Search code examples
pythonregexpython-regex

Extract subtring using regex python


Hello I have this string and I need extract from this some sub strings according some delimiters:

string = """
1538 a
123
skua456
789
5
g
15563 blu55g
b
456
16453 a
789
5
16524 blu
g
55
1734 a
987
987
55
aasf
552
18278 blu
ttry
"""

And I need extract exactly this strings:

string1 = 
"""
1538 a
123
skua456
789
5
g
15563 blu55g
"""
string2 = """
16453 a
789
5
16524 blu
"""
string3 = 
"""
1734 a
987
987
55
aasf
552
18278 blu
"""

I have tried a lot of types: re.findall, re.search, re.match.
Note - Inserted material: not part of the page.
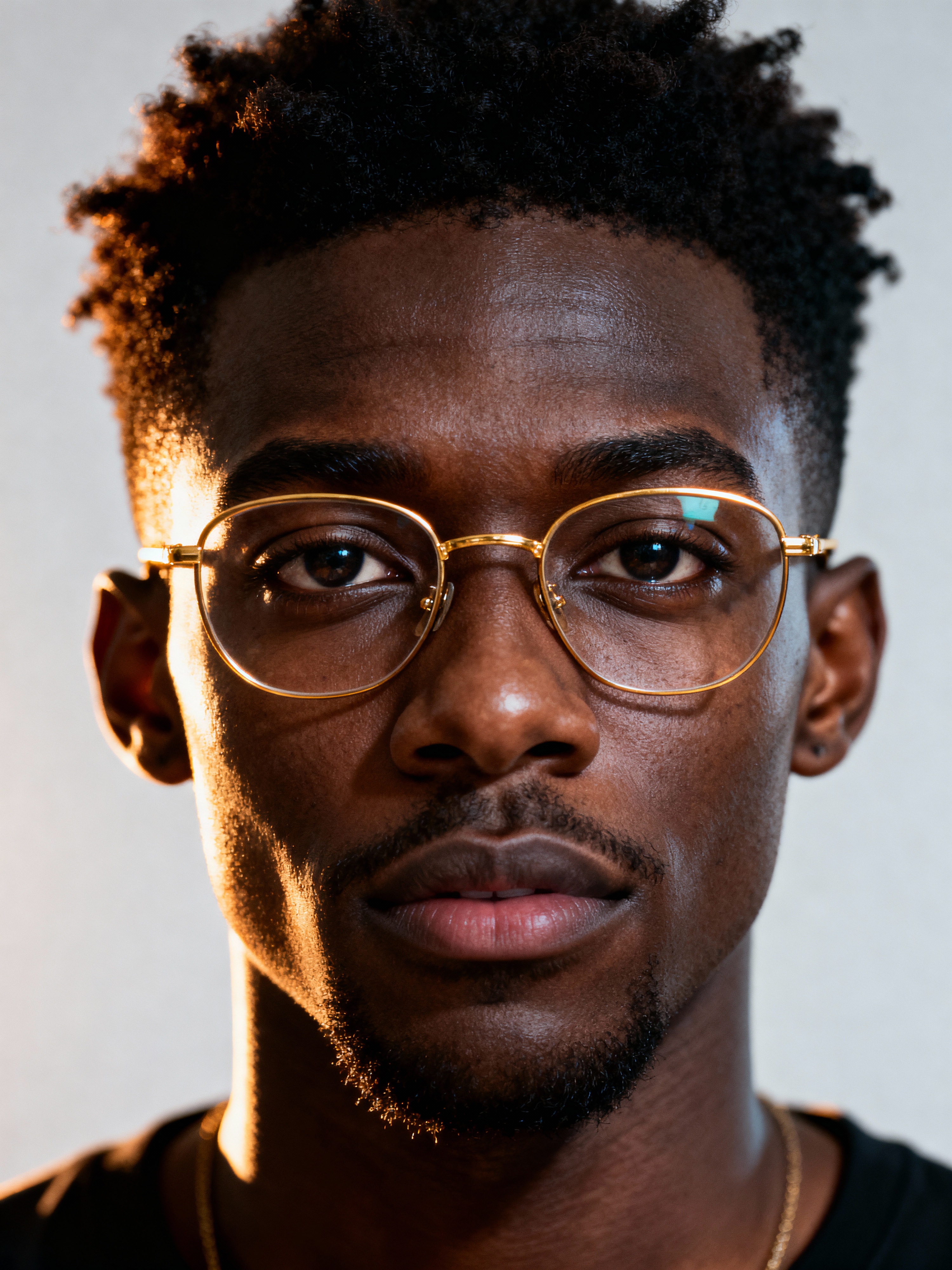 extreme close up portrait of model with gold rimmed glasses

But I never geted the result expected.

For eg: this code bellow print all string:

re.split(r"a(.*)blu", a)[0]

Solution

  • You do not need a regex for this, you may get lines between lines containing a and blu:

    text = "1538 a\n123\nskua456\n789\n5\ng\n15563 blu55g\nb\n456\n16453 a\n789\n5\n16524 blu\ng\n55\n1734 a\n987\n987\n55\naasf\n552\n18278 blu\nttry"
    f = False
    result = []
    block = []
    for line in text.splitlines():
        if 'a' in line:
            f = True
        if f:
            block.append(line)
        if 'blu' in line and f:
            f = False
            result.append("\n".join(block))
            block = []
    
    print(result)
    # => ['1538 a\n123\nskua456\n789\n5\ng\n15563 blu55g', '16453 a\n789\n5\n16524 blu', '1734 a\n987\n987\n55\naasf\n552\n18278 blu']
    

    See the Python demo.

    With regex, you can use

    print( re.findall(r'(?m)^.*a(?s:.*?)blu.*', text) )
    print( re.findall(r'(?m)^.*a(?:\n.*)*?\n.*blu.*', text) )
    

    See this Python demo.

    The first regex means:

    • (?m)^ - multiline mode on, so ^ matches any line start position
    • .*a - any zero or more chars other than line break chars as many as possible, and then a
    • (?s:.*?) - any zero or more chars including line break chars as few as possible
    • blu.* - blue and then any zero or more chars other than line break chars as many as possible.

    The second regex matches

    • (?m)^ - start of a line
    • .*a - any zero or more chars other than line break chars as many as possible, and then a
    • (?:\n.*)*? - zero or more lines, as few as possible
    • \n.*blu.* - a newline, any zero or more chars other than line break chars as many as possible, blu and any zero or more chars other than line break chars as many as possible.